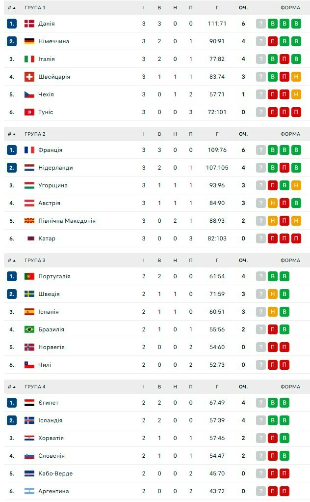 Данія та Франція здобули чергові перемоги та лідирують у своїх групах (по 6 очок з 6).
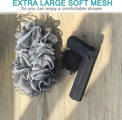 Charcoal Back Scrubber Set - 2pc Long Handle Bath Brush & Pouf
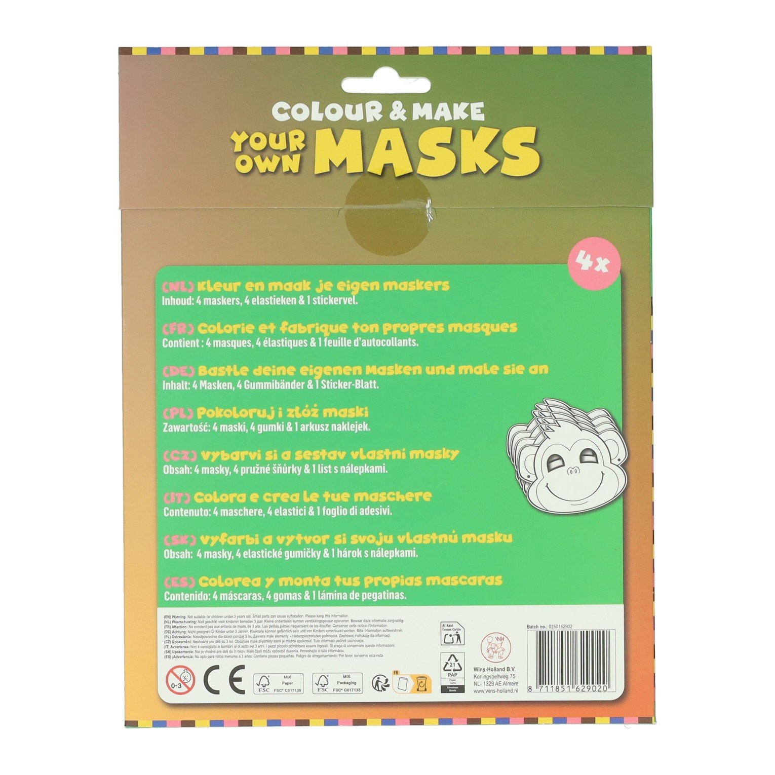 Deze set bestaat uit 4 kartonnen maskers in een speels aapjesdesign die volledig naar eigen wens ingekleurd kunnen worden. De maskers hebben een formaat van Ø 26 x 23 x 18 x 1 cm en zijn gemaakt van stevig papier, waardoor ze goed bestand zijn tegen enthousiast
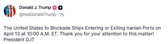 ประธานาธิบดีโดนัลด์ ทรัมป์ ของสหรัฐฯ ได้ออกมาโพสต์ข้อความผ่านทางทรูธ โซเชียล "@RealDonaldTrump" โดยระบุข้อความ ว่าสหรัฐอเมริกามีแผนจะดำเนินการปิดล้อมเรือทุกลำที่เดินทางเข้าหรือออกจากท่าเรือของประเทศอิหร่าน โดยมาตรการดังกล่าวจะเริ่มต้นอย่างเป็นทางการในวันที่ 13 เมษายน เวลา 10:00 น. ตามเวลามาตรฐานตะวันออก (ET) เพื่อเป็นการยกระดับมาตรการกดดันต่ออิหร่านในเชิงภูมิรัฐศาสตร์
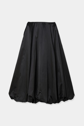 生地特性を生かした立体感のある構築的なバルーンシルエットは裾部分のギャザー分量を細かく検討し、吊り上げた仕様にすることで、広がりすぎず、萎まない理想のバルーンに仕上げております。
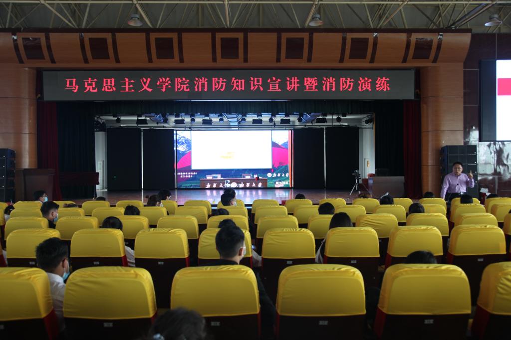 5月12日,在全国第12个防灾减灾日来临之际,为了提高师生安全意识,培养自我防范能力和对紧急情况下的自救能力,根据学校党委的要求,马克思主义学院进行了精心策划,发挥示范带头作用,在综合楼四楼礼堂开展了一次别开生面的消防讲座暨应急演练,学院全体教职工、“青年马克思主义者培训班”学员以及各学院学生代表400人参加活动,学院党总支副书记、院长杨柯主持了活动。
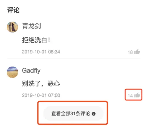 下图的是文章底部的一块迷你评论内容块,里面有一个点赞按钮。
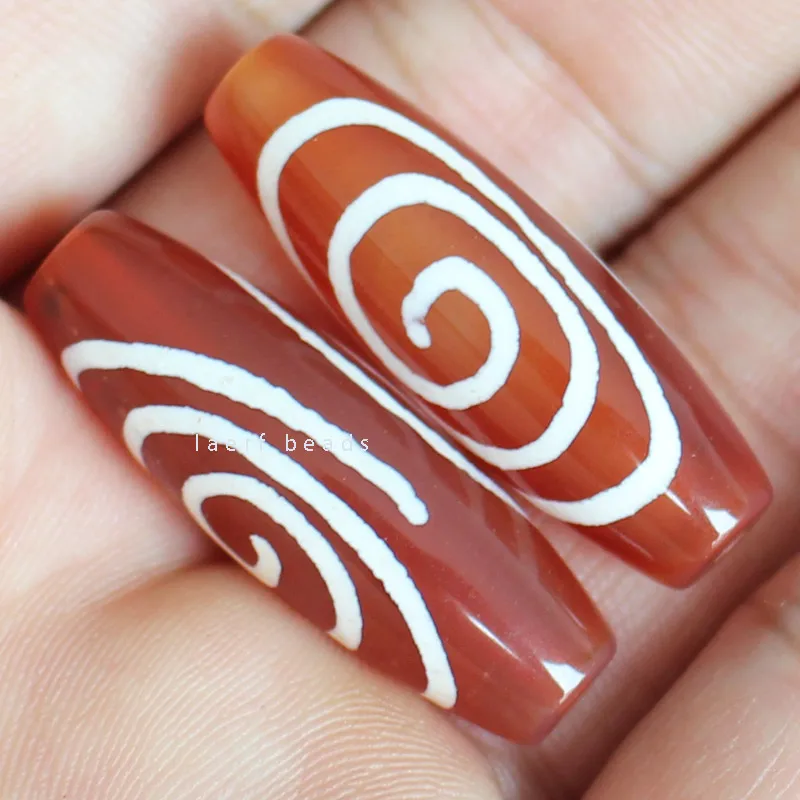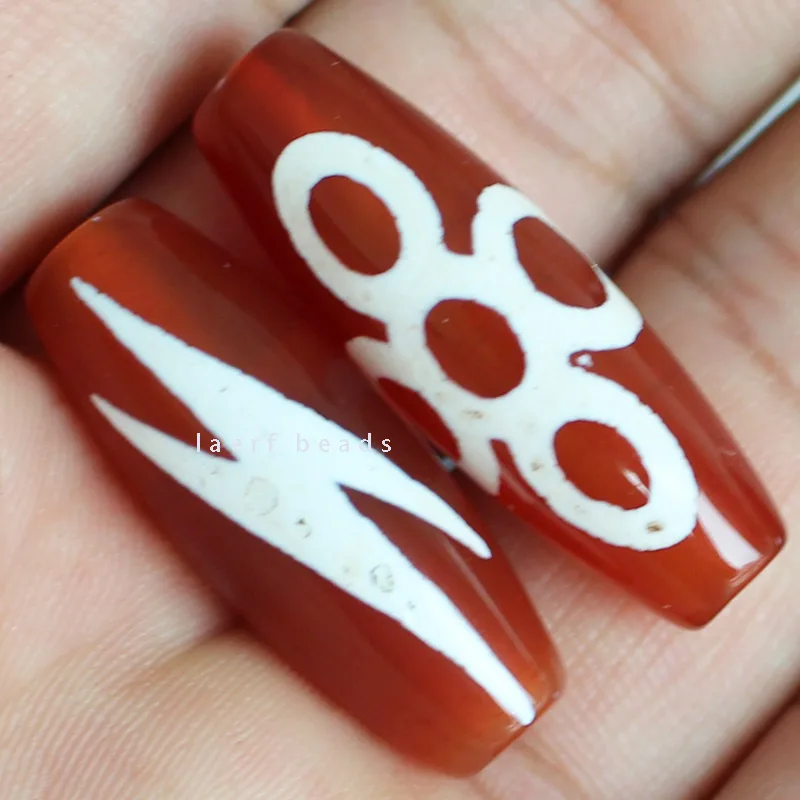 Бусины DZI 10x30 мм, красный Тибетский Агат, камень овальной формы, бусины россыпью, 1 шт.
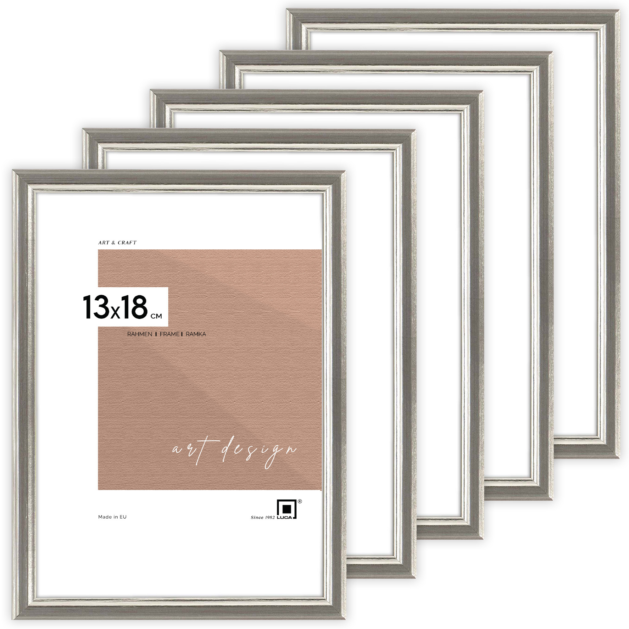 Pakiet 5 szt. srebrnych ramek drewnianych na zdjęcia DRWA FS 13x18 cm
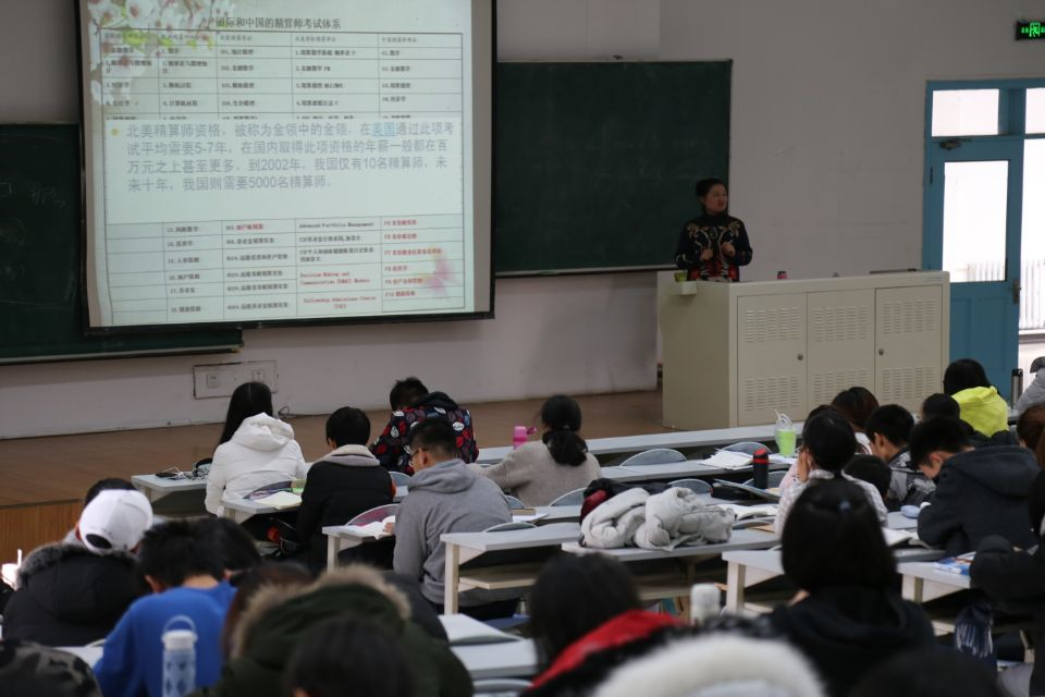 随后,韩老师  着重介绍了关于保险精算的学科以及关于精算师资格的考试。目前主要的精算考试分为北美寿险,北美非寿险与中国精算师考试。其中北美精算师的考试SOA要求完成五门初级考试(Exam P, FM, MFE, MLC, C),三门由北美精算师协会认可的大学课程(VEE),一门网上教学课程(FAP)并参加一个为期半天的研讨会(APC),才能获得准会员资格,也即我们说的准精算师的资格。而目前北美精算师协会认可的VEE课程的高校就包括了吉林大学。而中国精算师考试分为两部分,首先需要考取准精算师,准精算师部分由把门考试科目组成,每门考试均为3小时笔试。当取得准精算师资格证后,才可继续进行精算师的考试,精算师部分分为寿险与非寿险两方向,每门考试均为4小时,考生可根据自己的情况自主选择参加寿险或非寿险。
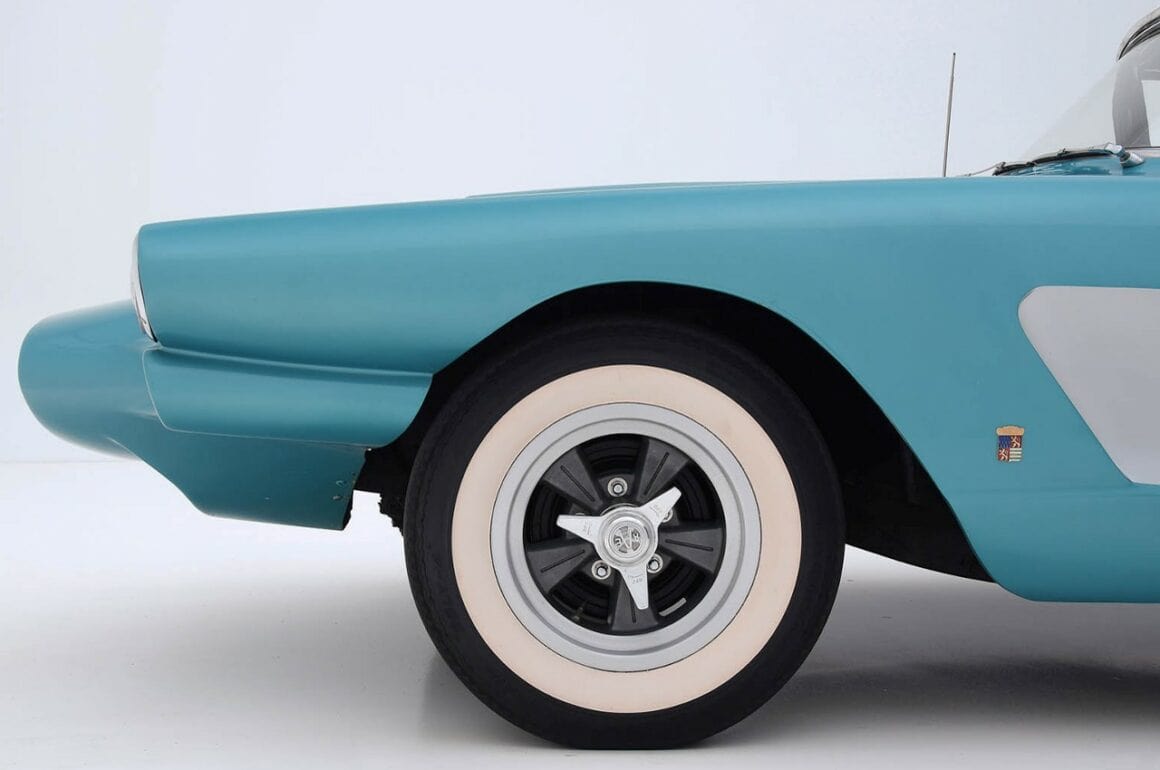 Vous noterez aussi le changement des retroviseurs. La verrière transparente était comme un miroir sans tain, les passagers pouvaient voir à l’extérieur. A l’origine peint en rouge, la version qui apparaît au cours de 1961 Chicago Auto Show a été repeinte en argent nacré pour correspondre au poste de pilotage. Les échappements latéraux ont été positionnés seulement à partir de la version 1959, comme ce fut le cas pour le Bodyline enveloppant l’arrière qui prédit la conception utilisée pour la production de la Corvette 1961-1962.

□ □ □ □ □

» Exercise brief
Repeat all the records above exactly, leaving out any pictures.

» Finished task
 Данія та Франція здобули чергові перемоги та лідирують у своїх групах (по 6 очок з 6).
 Charcoal Back Scrubber Set - 2pc Long Handle Bath Brush & Pouf
 Deze set bestaat uit 4 kartonnen maskers in een speels aapjesdesign die volledig naar eigen wens ingekleurd kunnen worden. De maskers hebben een formaat van Ø 26 x 23 x 18 x 1 cm en zijn gemaakt van stevig papier, waardoor ze goed bestand zijn tegen enthousiast
 ประธานาธิบดีโดนัลด์ ทรัมป์ ของสหรัฐฯ ได้ออกมาโพสต์ข้อความผ่านทางทรูธ โซเชียล "@RealDonaldTrump" โดยระบุข้อความ ว่าสหรัฐอเมริกามีแผนจะดำเนินการปิดล้อมเรือทุกลำที่เดินทางเข้าหรือออกจากท่าเรือของประเทศอิหร่าน โดยมาตรการดังกล่าวจะเริ่มต้นอย่างเป็นทางการในวันที่ 13 เมษายน เวลา 10:00 น. ตามเวลามาตรฐานตะวันออก (ET) เพื่อเป็นการยกระดับมาตรการกดดันต่ออิหร่านในเชิงภูมิรัฐศาสตร์
 生地特性を生かした立体感のある構築的なバルーンシルエットは裾部分のギャザー分量を細かく検討し、吊り上げた仕様にすることで、広がりすぎず、萎まない理想のバルーンに仕上げております。
 5月12日,在全国第12个防灾减灾日来临之际,为了提高师生安全意识,培养自我防范能力和对紧急情况下的自救能力,根据学校党委的要求,马克思主义学院进行了精心策划,发挥示范带头作用,在综合楼四楼礼堂开展了一次别开生面的消防讲座暨应急演练,学院全体教职工、“青年马克思主义者培训班”学员以及各学院学生代表400人参加活动,学院党总支副书记、院长杨柯主持了活动。
 下图的是文章底部的一块迷你评论内容块,里面有一个点赞按钮。
 Бусины DZI 10x30 мм, красный Тибетский Агат, камень овальной формы, бусины россыпью, 1 шт.
 Pakiet 5 szt. srebrnych ramek drewnianych na zdjęcia DRWA FS 13x18 cm
 随后,韩老师  着重介绍了关于保险精算的学科以及关于精算师资格的考试。目前主要的精算考试分为北美寿险,北美非寿险与中国精算师考试。其中北美精算师的考试SOA要求完成五门初级考试(Exam P, FM, MFE, MLC, C),三门由北美精算师协会认可的大学课程(VEE),一门网上教学课程(FAP)并参加一个为期半天的研讨会(APC),才能获得准会员资格,也即我们说的准精算师的资格。而目前北美精算师协会认可的VEE课程的高校就包括了吉林大学。而中国精算师考试分为两部分,首先需要考取准精算师,准精算师部分由把门考试科目组成,每门考试均为3小时笔试。当取得准精算师资格证后,才可继续进行精算师的考试,精算师部分分为寿险与非寿险两方向,每门考试均为4小时,考生可根据自己的情况自主选择参加寿险或非寿险。
 Vous noterez aussi le changement des retroviseurs. La verrière transparente était comme un miroir sans tain, les passagers pouvaient voir à l’extérieur. A l’origine peint en rouge, la version qui apparaît au cours de 1961 Chicago Auto Show a été repeinte en argent nacré pour correspondre au poste de pilotage. Les échappements latéraux ont été positionnés seulement à partir de la version 1959, comme ce fut le cas pour le Bodyline enveloppant l’arrière qui prédit la conception utilisée pour la production de la Corvette 1961-1962.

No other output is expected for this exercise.